The Danger of Government Interference with Speech

            Government cannot effectively deliver the mail, how can they possibly monitor what is preached in thousands of pulpits?  The only problem with the question posed is that it does not go far enough.  The current free speech battle is not in the pulpits of America, or the rest of the Western World for that matter.  The current free speech battle is being fought in public venues, like our streets, sidewalks, and parks.

             So, the question that really should be on each of our minds is whether the government has the right to decide what preachers preach in any place.  If free speech is going to remain truly free it has to be free everywhere.  It is not enough to relegate it to certain places.  That is not what our founding fathers had in mind when they enshrined our rights in the FIRST Amendment.  Nor is it what other leaders envisioned when they modeled their rights after the American Constitution. 

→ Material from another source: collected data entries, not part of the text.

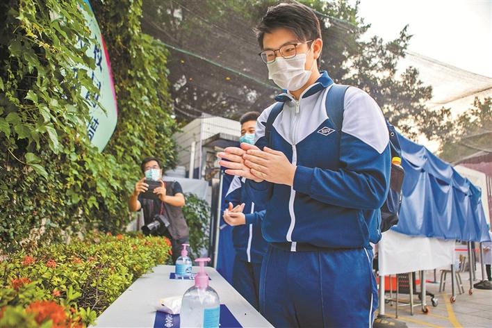 深圳實(shí)驗(yàn)學(xué)校初中部初三學(xué)生進(jìn)校門(mén)后自覺(jué)消毒洗手。晶報(bào)記者賴(lài)?yán)?攝
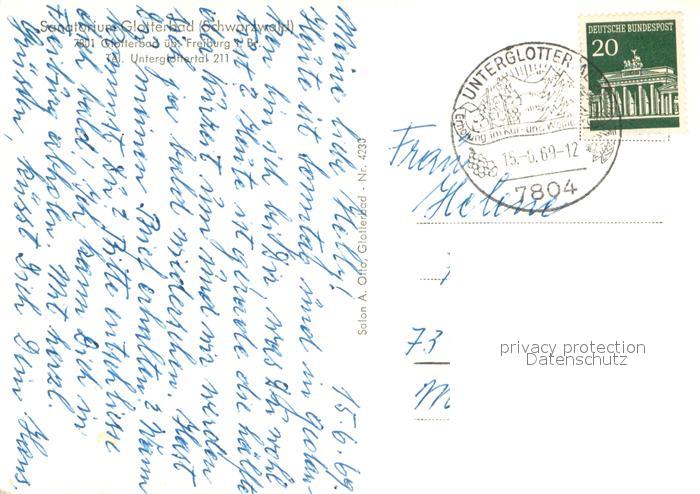 73737407 alte Postkarte Freiburg Breisgau Sanatorium Glotterbad Aussenansicht postalisch gelaufen Erhaltung siehe scans [LiesaD40] KatCode: 11110008311000
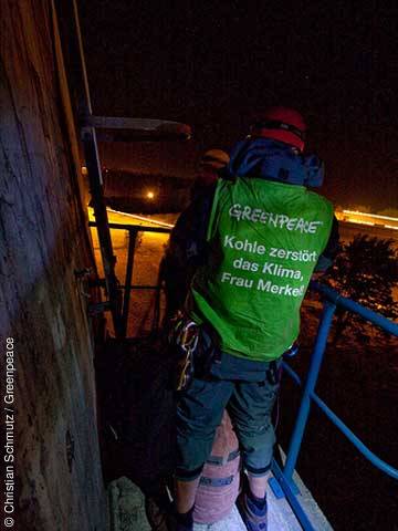 Greenpeace-Aktivisten beim Aufstieg auf den Kühlturm des Braunkohlekraftwerks Jänschwalde. Mit Kohle ist Klimaschutz nicht zu verwirklichen. Bild: Christian Schmutz / Greenpeace
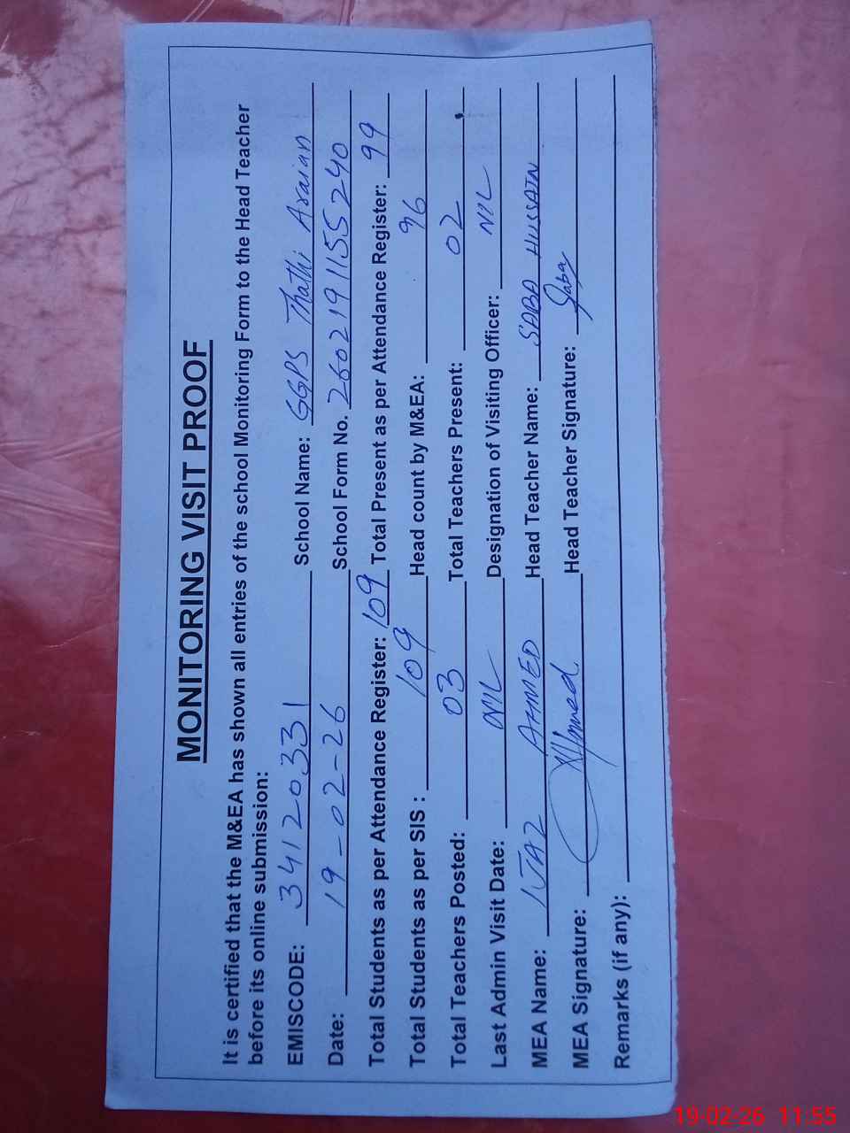 | Attendance Register | Head Teacher | MEA with School | Visit Proof |
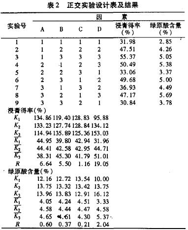 正交設(shè)計研究金銀花綠原酸煎提工藝

             Men and women of clear thinking have long understood the value of the free discourse of ideas.  Law makers have understood that freedom of speech only exists when we permit those we disagree with to speak free—not just those who say what we like. 

             This is one of the most problematic areas of the new permission regime we serve under.  This regime has been in place for years. 

             Our founding fathers did not believe in politically correct speech.  They had public and often verbally violent discussions on matters of national and spiritual consequence.  They understood that we can argue today and still have civil conversation later if we truly respect the right of others to agree and disagree with what we are saying.

             If we come to believe that the government does not have a right to control the speech from a pulpit, but limit the free speech on certain issues to the pulpit, then we are signing the death warrant of free speech. 

             It is not important that we respect free speech that occurs in private.  It is important that we respect free speech that occurs in public.  When we prohibit the speech of one, we harm the freedom of all.  That is simply the principle of intended and unintended consequences. 

             If we do not go further than freedom in pulpits we will ultimately find that even our pulpits are not free.  Restrictions to free speech will continue to restrict our lives.  What starts on the street will end in the pulpits.

             Then we will truly be wards of the state in every way.